Did he lead her to believe otherwise?
Did he actually marry her?
If so, how are you to know his intentions with you are sincere?

Does he have a string of prior short term, or toxic relationships? If so, red flag.

How does he talk about prior relationship's? Does he show much emotion? Does he conjure up plenty of "ummm's"  If so, another red flag. Psychopaths have difficulty talking about or recalling emotions for several reasons. First they don't have any. If they do have some, they are limited and shallow. Second, their memories aren't based on emotion like ours are. Their memories are based on strategic goals, and neutral win/fail occurrences. Psychopaths operate purely on a cause and effect basis. Every action they take, every word they say is for a specific purpose designed to create an effect of some kind. Most often the effect of creating an illusion to you of who they are. If you are in the devalue stage, you are already sure you're dealing with someone who clearly is "off" in some way. A psychopaths entire existence at that point is cruelty and pain dished out at your expense. They are working on getting you to eventually leave them because of the cruelty they inflict. By your leaving them they are completely absolved of any responsibility for the break-up. At least as far as they see it.
Is your man/women a blame gamer? Does he/she have to assign blame to someone for something that went wrong. If so, who is to blame? Why assign blame?

If you're lucky enough to get "references" from prior relationships. Talk with them. Ask them about their experiences in the relationship. Would they set that person up with their best friend? Why? Why not? After all who better to know what this person is like the another who was in your shoes at some point and time.  Granted you may not know these people well either. You may not trust their integrity. But, if you talk to more than one and you get similar stories. That's a red flag that is waving high, loud, and long!

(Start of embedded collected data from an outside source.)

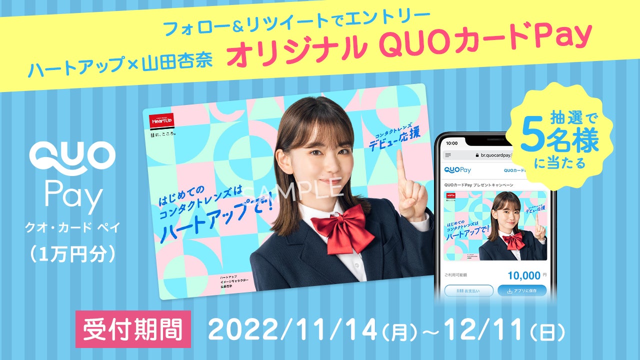 また、山田杏奈のイメージキャラクター就任を記念して2022年10月20日から2022年12月31日までの期間にはじめてハートアップでコンタクトレンズを購入した方に先着8,000名様に、ハートアップ×山田杏奈限定クリアファイルをプレゼントする企画や、2022年11月14日(月)から2022年12月11日の期間にハートアップ公式Twitterアカウントで限定デザインのQUOカードpayのプレゼントキャンペーンを実施する。
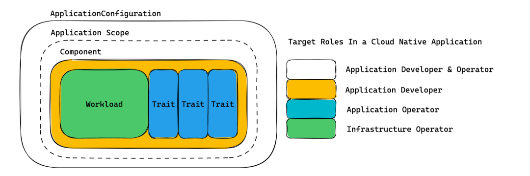 详细来说,OAM 基于 Kubernetes API 资源模型(Kubernetes Resource Model)来标准化应用定义的规范,它强调一个现代应用是多个组件的集合,而非一个简单的工作负载或者 K8s Operator。所以在OAM的语境中,一个Java容器和它所依赖的数据库,以及它所需要使用的各种云服务,都是一个“订单服务”应用的组成部分。更进一步的,OAM把这个应用所需的“运维策略”也认为是一个应用的一部分,比如这个Java容器所需的HPA(水平自动扩展策略)。
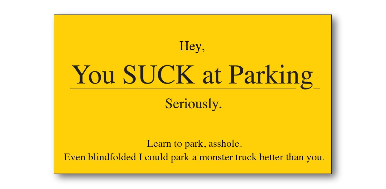 If cards get out your frustration so that there's no property damage then go for it. As for me, sometimes people just have a bad day, maybe they're just getting a burrito and will be back in five minutes and didn't want to waste time reparking (guilty, but nowhere near as bad as the ones posted), sometimes people are ass-holes and usually get what's coming in other forms. Think of the amount of stress those people get when a bird shits on their car or a rock chip, or whatever else 16 year olds in daddies BMW flip out about, they can keep their two spaces. |
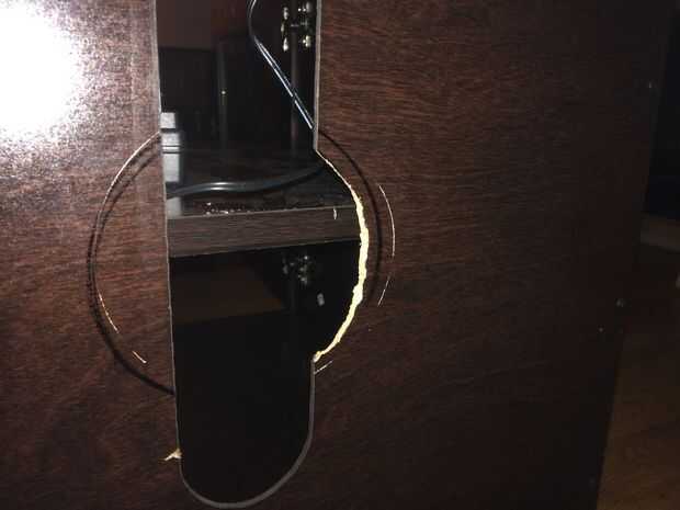 Mida el diámetro del ventilador y luego use un marcador para dibujar un círculo en la parte trasera del stand donde desea instalar el ventilador. Elegí el centro de cada compartimento, ya que usé sólo dos ventiladores. Dependiendo de la cantidad de calor que necesita disipar, usted puede optar por dos ventiladores a cada lado. Corte el círculo con un cúter o cuchillo del exacto. Coloque el ventilador sobre el círculo y utilizar un taladro para perforar los orificios de esquina para montar el ventilador. Utilizando tornillos con tuercas, seguras el ventilador en la parte posterior del soporte de la TV.
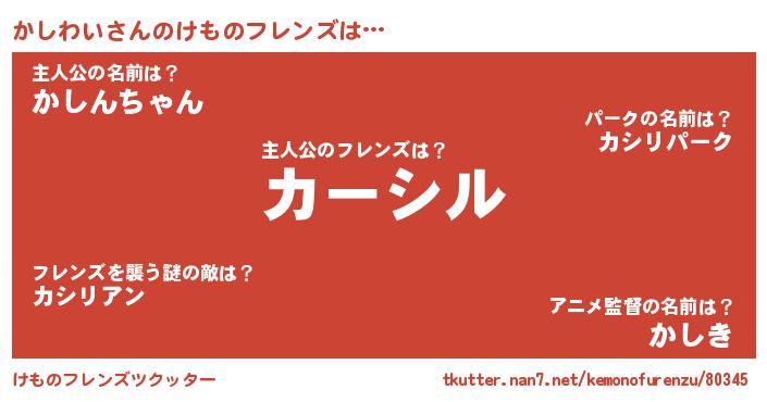 | ヘコむあだ名 | 『かしわい(爆)』『かしもー』 |

You can also bring up topics of politics, religions, introspection, these are all difficult topics for the psychopath to relate to. Depending on what phase relationship is in, he'll either humor you (idealize phase) yet if you probe for deeper thinking you'll see him/her become flustered. If you're in the devalue phase you'll get resistance to even discuss the topics. Most likely you be verbally abused for how inept you are in these areas therefor not worth your psychopaths time to even attempt discussing such matters.